** Information provided **
-=-=-=-=-
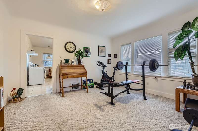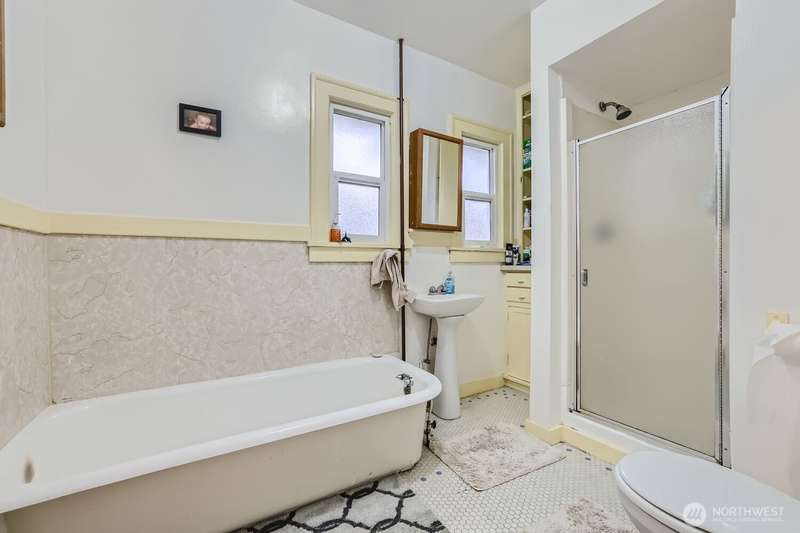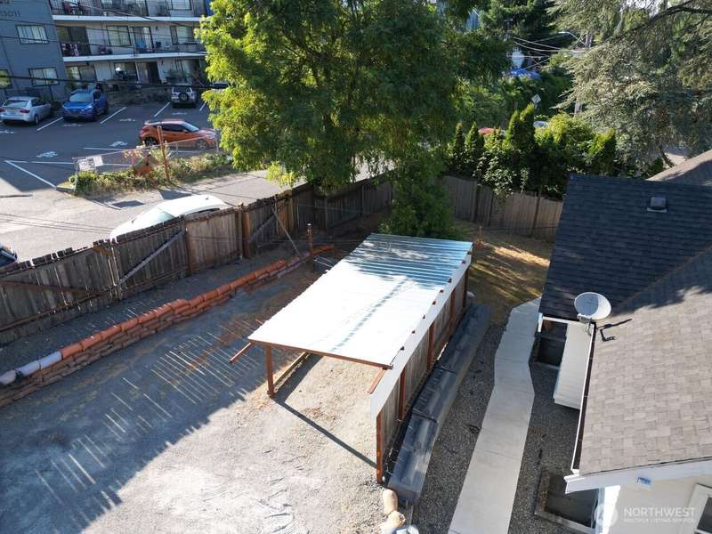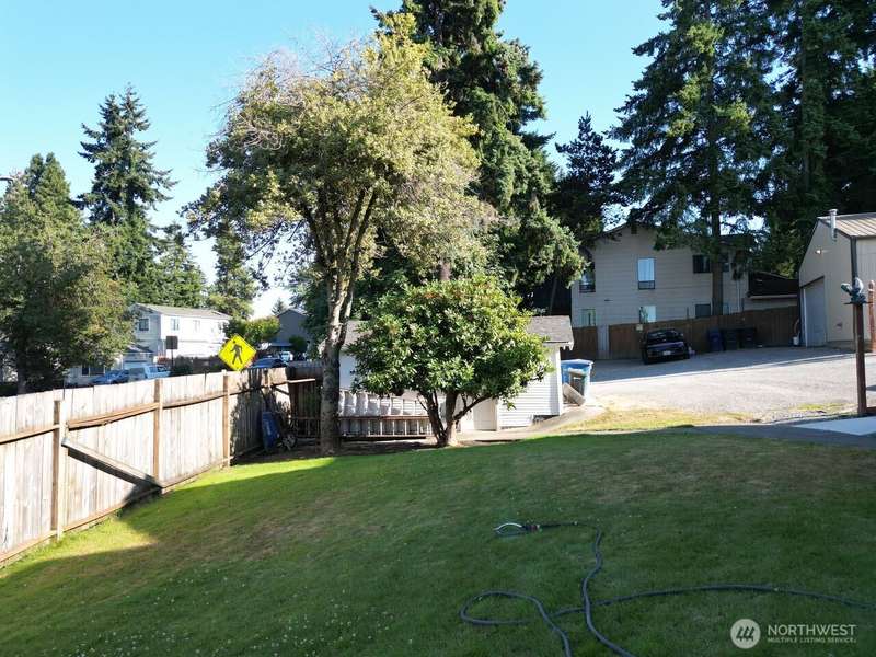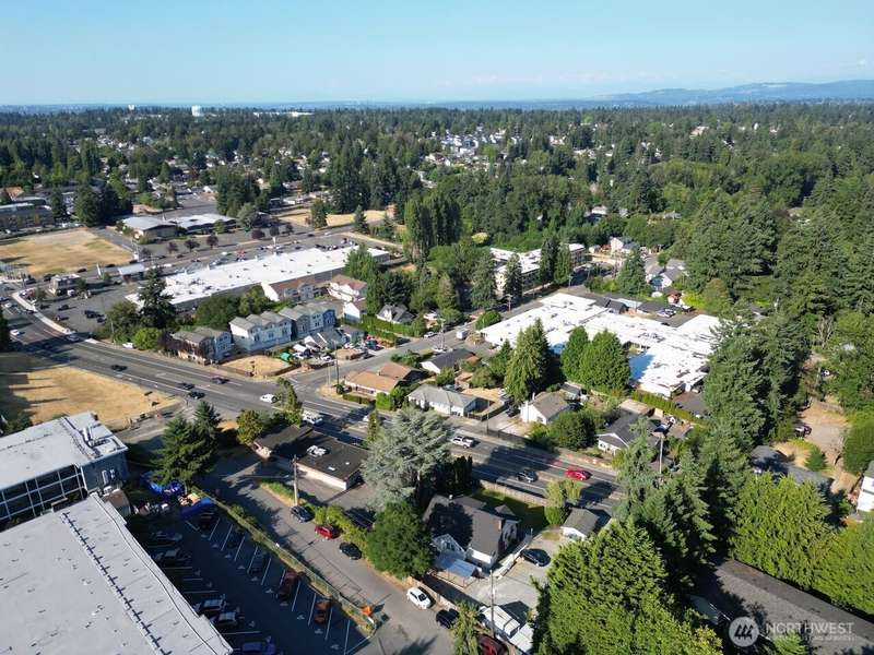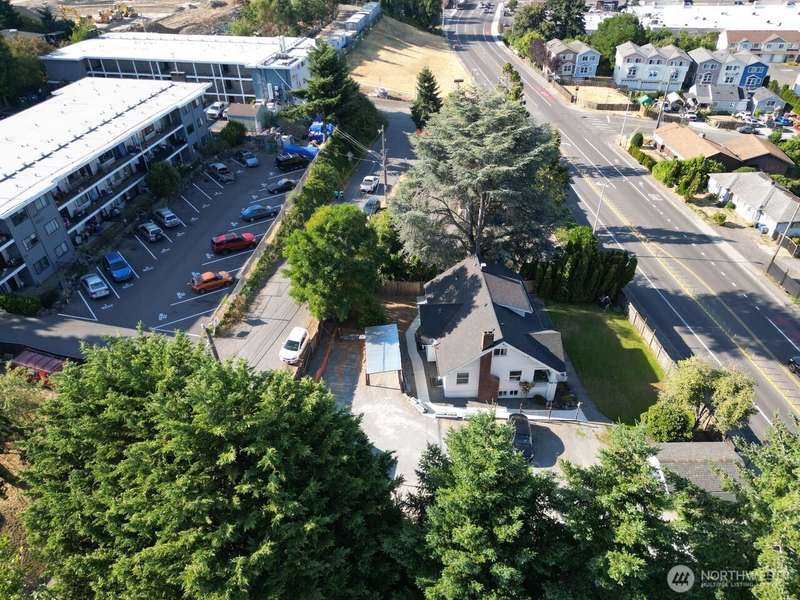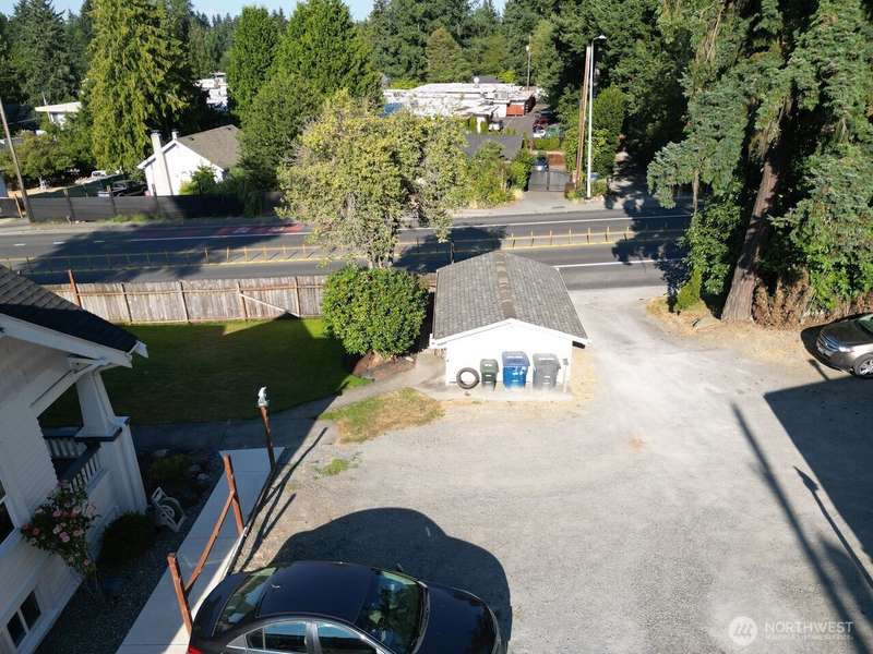 Two tax parcels. Duplex on one and large shop garage on the other. Good for owner occupied. Zoning allows for high density multi use development. Street to street lot.
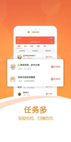 任务类型多:提供的任务类型多种多样,用户自由挑选,轻轻松松赚钱;
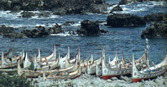 天亦动容的飞鱼祭在雅美人的历法中,分上半年、下半年和飞鱼季三季,其中的飞鱼季约为3~7月,是雅美人一年中最忙碌的日子,此时飞鱼群随黑潮南来,并尾随鬼头刀等大型鱼类的追逐,为雅美人带来丰沛的食物。因此,围绕着飞鱼的一系列祭典,便成为雅美人最慎重应对的仪式。 飞鱼祭为一连串祭典的总称,主要可分为大船招鱼祭、小船招鱼祭、捕鱼祭及丰收贮存日。每年飞鱼季开始时,便要举行最隆重的大鱼招船祭,这天黎明,所有6人以上的大船都齐集海滩,参祭者个个头戴银帽坐在船上,由各船年长者手持短刀、高声诵唱祭辞、呼遵守禁忌,以祈求神的保佑与飞鱼丰收;祭典结束后,每船杀鸡一只,并将鸡血用食指点在卵石上,表示丰收的鱼获将与石共长久。雅美人捕捉飞鱼是于夜间进行,其独特的捕鱼方式是在船尾升起火把,利用鱼的趋光性,将飞鱼引诱至鱼网中。飞鱼虽是雅美人最主要的蛋白质来源,但基于生态平衡,他们并不会贪婪地滥捕,食用不完的飞鱼亦会晒干贮存,使全年食物不虞匮乏。雅美人的舞蹈有浓厚宗教、祭仪的特质,例如新船落成时,男子们便会齐跳“勇士舞”,以驱逐恶灵,一致的动作、刚猛的舞步,展现出雅美男子雄壮威武的一面。而最为人们熟知的雅美舞蹈,是妇女们在节庆时所跳的头发舞;舞蹈时妇女们臂搭着臂,反复做着弯腰、立起的动作,将垂至地面的头发,猛然甩起,造成长发齐扬、力道万钧的视觉震撼,充分结合人体的力与美。 |
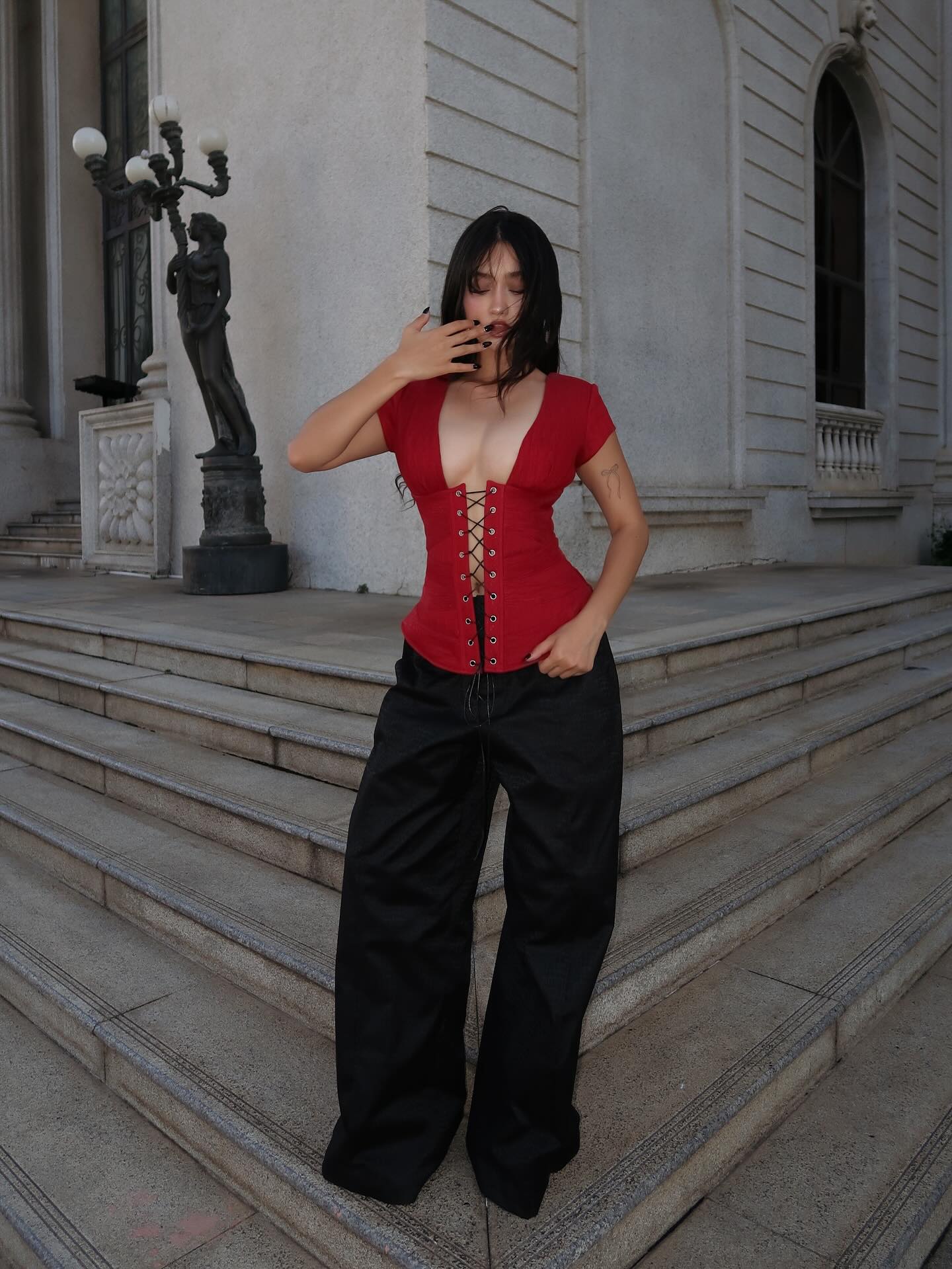The Rose Corset Top is a bold blend of structure and sensuality. Crafted from textured stretch fabric in a striking deep red, it features a sculpted silhouette with a plunging neckline and lace-up front that cinches perfectly to the waist. The structured paneling enhances your curves while maintaining comfort and flexibility. With capped sleeves and a cropped cut, this piece channels effortless confidence — perfect for pairing with tailored trousers or a sleek skirt for an edgy yet feminine look.
-=-=-=-=-
** Instructions to follow **
Return the data exactly. Do not carry over any images.

** Response for this exercise **
 Two tax parcels. Duplex on one and large shop garage on the other. Good for owner occupied. Zoning allows for high density multi use development. Street to street lot.
 任务类型多:提供的任务类型多种多样,用户自由挑选,轻轻松松赚钱;
 天亦动容的飞鱼祭在雅美人的历法中,分上半年、下半年和飞鱼季三季,其中的飞鱼季约为3~7月,是雅美人一年中最忙碌的日子,此时飞鱼群随黑潮南来,并尾随鬼头刀等大型鱼类的追逐,为雅美人带来丰沛的食物。因此,围绕着飞鱼的一系列祭典,便成为雅美人最慎重应对的仪式。 飞鱼祭为一连串祭典的总称,主要可分为大船招鱼祭、小船招鱼祭、捕鱼祭及丰收贮存日。每年飞鱼季开始时,便要举行最隆重的大鱼招船祭,这天黎明,所有6人以上的大船都齐集海滩,参祭者个个头戴银帽坐在船上,由各船年长者手持短刀、高声诵唱祭辞、呼遵守禁忌,以祈求神的保佑与飞鱼丰收;祭典结束后,每船杀鸡一只,并将鸡血用食指点在卵石上,表示丰收的鱼获将与石共长久。雅美人捕捉飞鱼是于夜间进行,其独特的捕鱼方式是在船尾升起火把,利用鱼的趋光性,将飞鱼引诱至鱼网中。飞鱼虽是雅美人最主要的蛋白质来源,但基于生态平衡,他们并不会贪婪地滥捕,食用不完的飞鱼亦会晒干贮存,使全年食物不虞匮乏。雅美人的舞蹈有浓厚宗教、祭仪的特质,例如新船落成时,男子们便会齐跳“勇士舞”,以驱逐恶灵,一致的动作、刚猛的舞步,展现出雅美男子雄壮威武的一面。而最为人们熟知的雅美舞蹈,是妇女们在节庆时所跳的头发舞;舞蹈时妇女们臂搭着臂,反复做着弯腰、立起的动作,将垂至地面的头发,猛然甩起,造成长发齐扬、力道万钧的视觉震撼,充分结合人体的力与美。 |
The Rose Corset Top is a bold blend of structure and sensuality. Crafted from textured stretch fabric in a striking deep red, it features a sculpted silhouette with a plunging neckline and lace-up front that cinches perfectly to the waist. The structured paneling enhances your curves while maintaining comfort and flexibility. With capped sleeves and a cropped cut, this piece channels effortless confidence — perfect for pairing with tailored trousers or a sleek skirt for an edgy yet feminine look.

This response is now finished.